What needs to be done
Would you print the lines below exactly, beginning at the line that has "福州市采购项目数7158个,占项目总数的" and stopping after the line that has "V dolním krytu"? Only those lines, and no pictures.

Material supplied
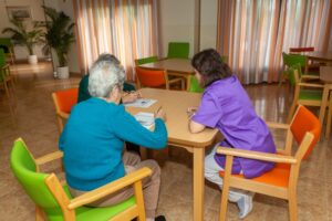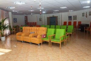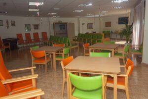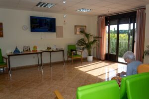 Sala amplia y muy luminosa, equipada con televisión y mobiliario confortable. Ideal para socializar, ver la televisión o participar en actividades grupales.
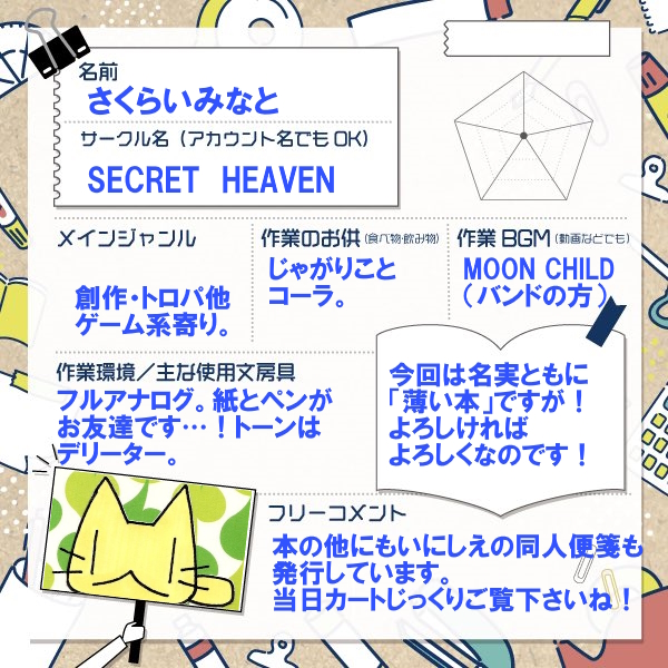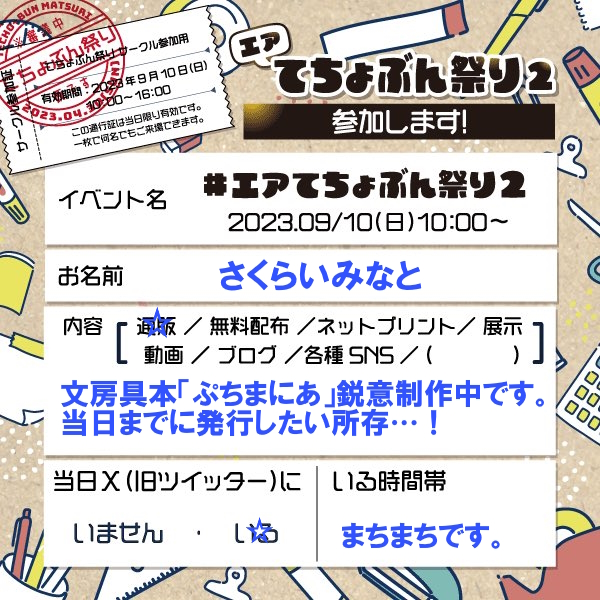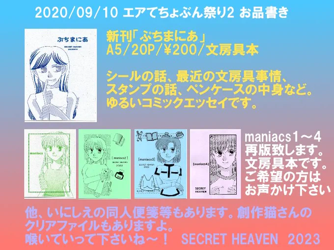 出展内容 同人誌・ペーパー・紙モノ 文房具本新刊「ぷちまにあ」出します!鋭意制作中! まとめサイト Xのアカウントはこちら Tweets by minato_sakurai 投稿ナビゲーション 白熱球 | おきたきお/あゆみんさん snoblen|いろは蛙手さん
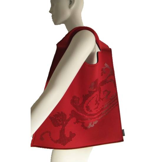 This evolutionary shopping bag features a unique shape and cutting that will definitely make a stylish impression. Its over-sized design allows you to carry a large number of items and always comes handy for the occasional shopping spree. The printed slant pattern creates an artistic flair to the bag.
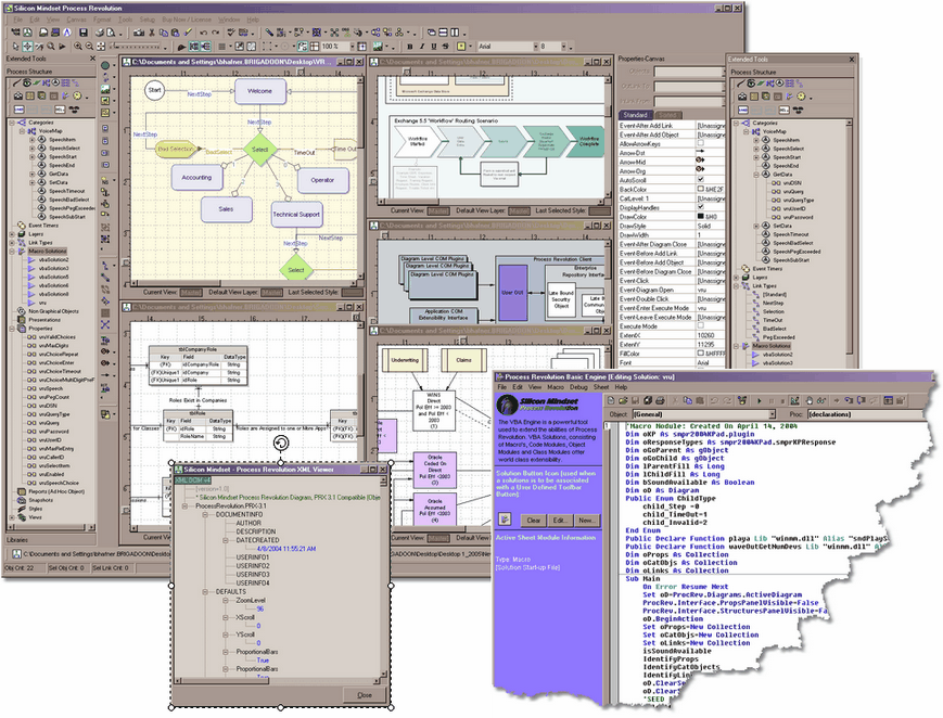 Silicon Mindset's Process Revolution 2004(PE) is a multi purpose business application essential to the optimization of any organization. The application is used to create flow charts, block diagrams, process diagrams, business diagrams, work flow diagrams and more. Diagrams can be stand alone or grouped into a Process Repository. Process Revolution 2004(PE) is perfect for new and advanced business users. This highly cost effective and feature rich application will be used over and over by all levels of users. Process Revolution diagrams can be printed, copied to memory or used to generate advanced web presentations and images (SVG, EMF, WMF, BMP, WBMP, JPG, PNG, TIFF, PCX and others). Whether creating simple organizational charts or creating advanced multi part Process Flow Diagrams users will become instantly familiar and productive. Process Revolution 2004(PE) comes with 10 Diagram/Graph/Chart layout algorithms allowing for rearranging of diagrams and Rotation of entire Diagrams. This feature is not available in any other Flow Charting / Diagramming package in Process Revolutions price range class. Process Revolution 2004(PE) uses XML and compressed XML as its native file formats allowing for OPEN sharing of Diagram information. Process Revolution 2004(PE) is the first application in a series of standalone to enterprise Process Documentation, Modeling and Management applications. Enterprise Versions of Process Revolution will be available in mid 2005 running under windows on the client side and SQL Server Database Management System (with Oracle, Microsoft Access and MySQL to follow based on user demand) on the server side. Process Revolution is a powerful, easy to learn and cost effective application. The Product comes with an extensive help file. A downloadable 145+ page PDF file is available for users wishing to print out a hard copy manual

---

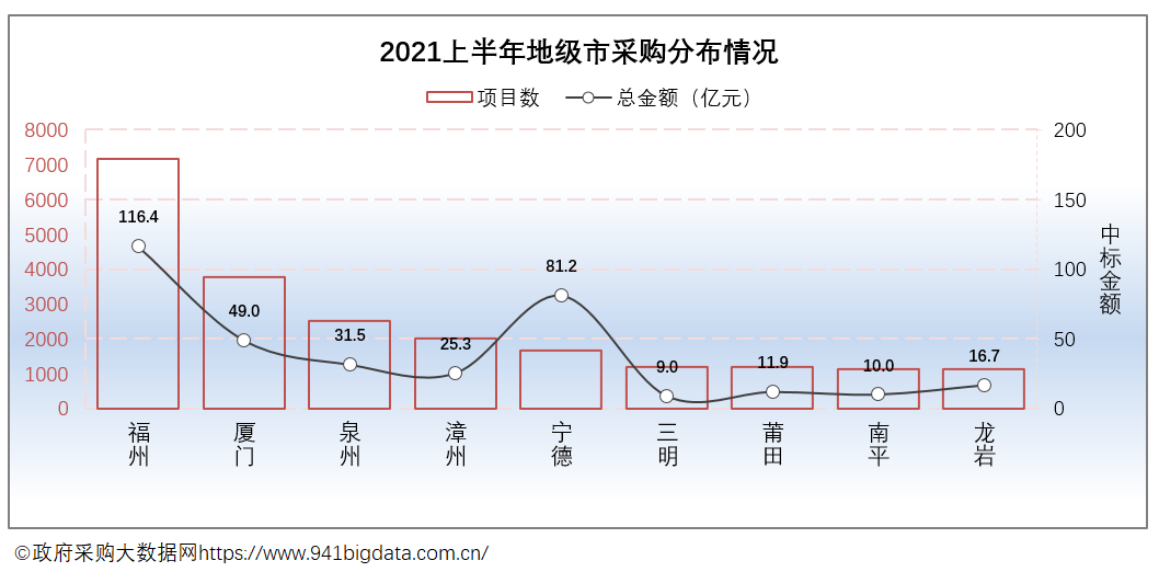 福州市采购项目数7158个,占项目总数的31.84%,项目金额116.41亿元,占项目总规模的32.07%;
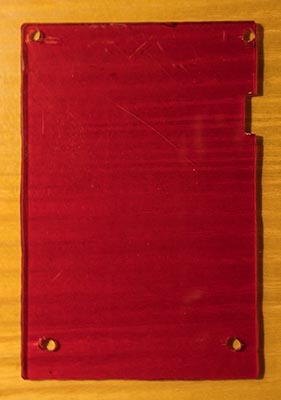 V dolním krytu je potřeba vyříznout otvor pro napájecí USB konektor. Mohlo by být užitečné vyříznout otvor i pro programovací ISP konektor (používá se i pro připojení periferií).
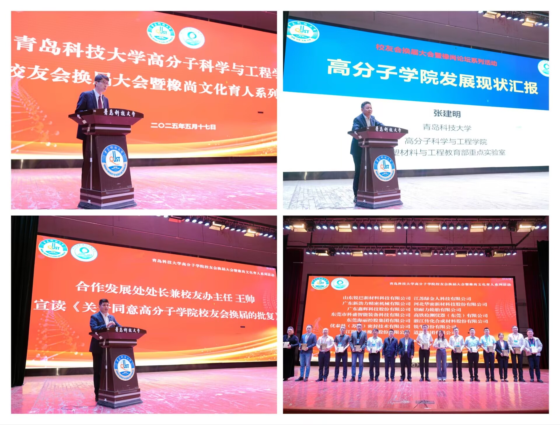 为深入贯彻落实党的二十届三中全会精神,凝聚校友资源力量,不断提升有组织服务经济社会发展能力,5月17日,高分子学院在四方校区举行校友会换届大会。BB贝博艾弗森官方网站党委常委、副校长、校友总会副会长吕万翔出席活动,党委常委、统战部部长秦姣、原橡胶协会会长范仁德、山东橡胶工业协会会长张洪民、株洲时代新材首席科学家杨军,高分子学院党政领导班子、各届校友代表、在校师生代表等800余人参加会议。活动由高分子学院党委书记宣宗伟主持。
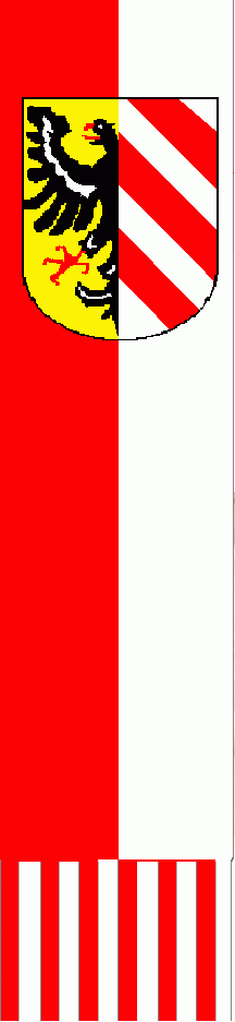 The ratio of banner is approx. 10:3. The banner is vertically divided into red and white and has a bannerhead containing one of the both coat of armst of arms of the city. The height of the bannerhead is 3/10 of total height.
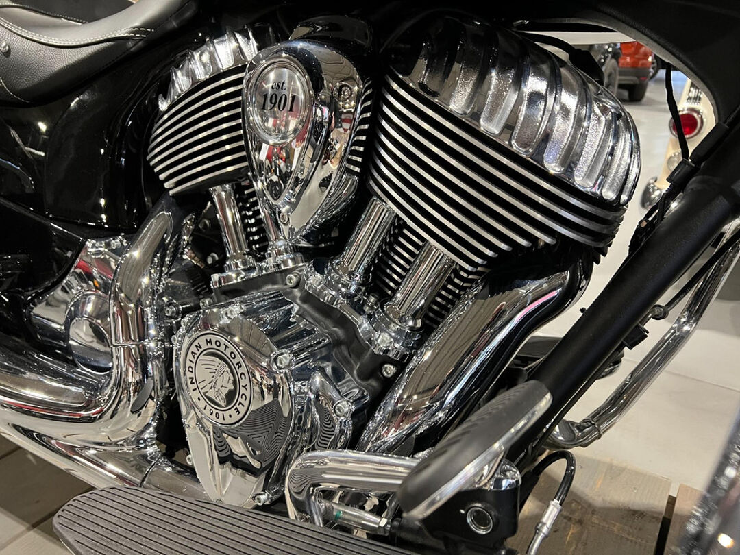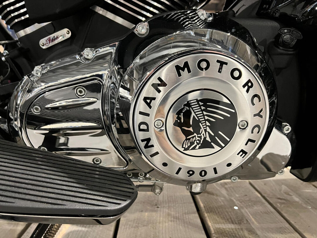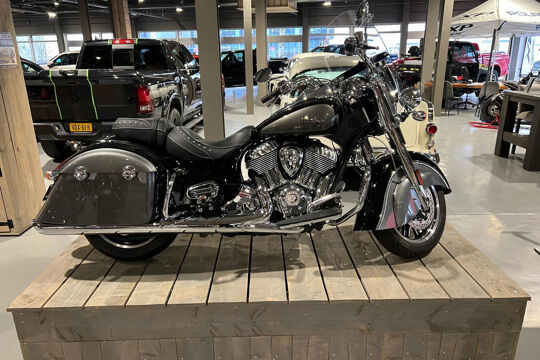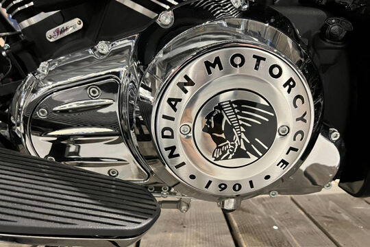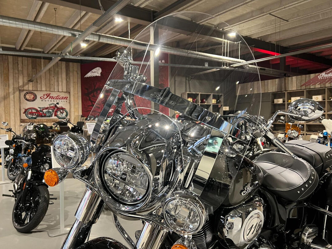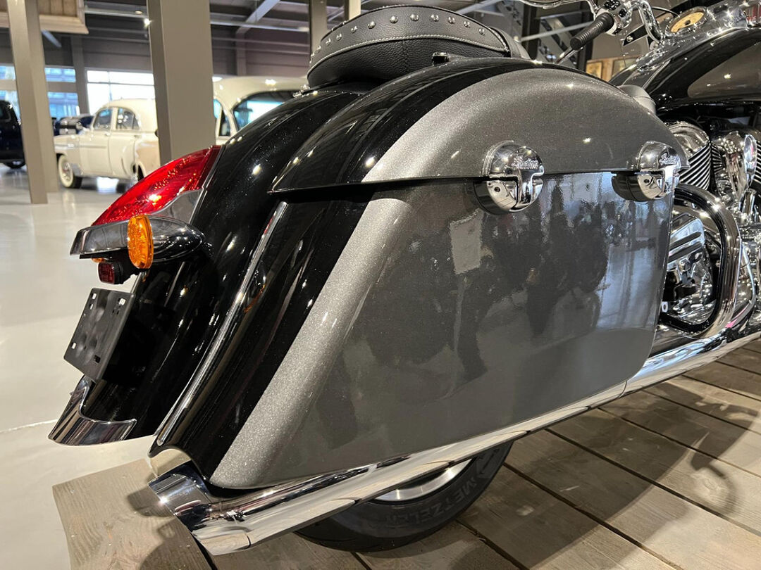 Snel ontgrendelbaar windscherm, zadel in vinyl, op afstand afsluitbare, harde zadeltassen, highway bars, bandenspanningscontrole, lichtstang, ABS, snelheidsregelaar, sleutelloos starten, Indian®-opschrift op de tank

The completed task
 福州市采购项目数7158个,占项目总数的31.84%,项目金额116.41亿元,占项目总规模的32.07%;
 V dolním krytu je potřeba vyříznout otvor pro napájecí USB konektor. Mohlo by být užitečné vyříznout otvor i pro programovací ISP konektor (používá se i pro připojení periferií).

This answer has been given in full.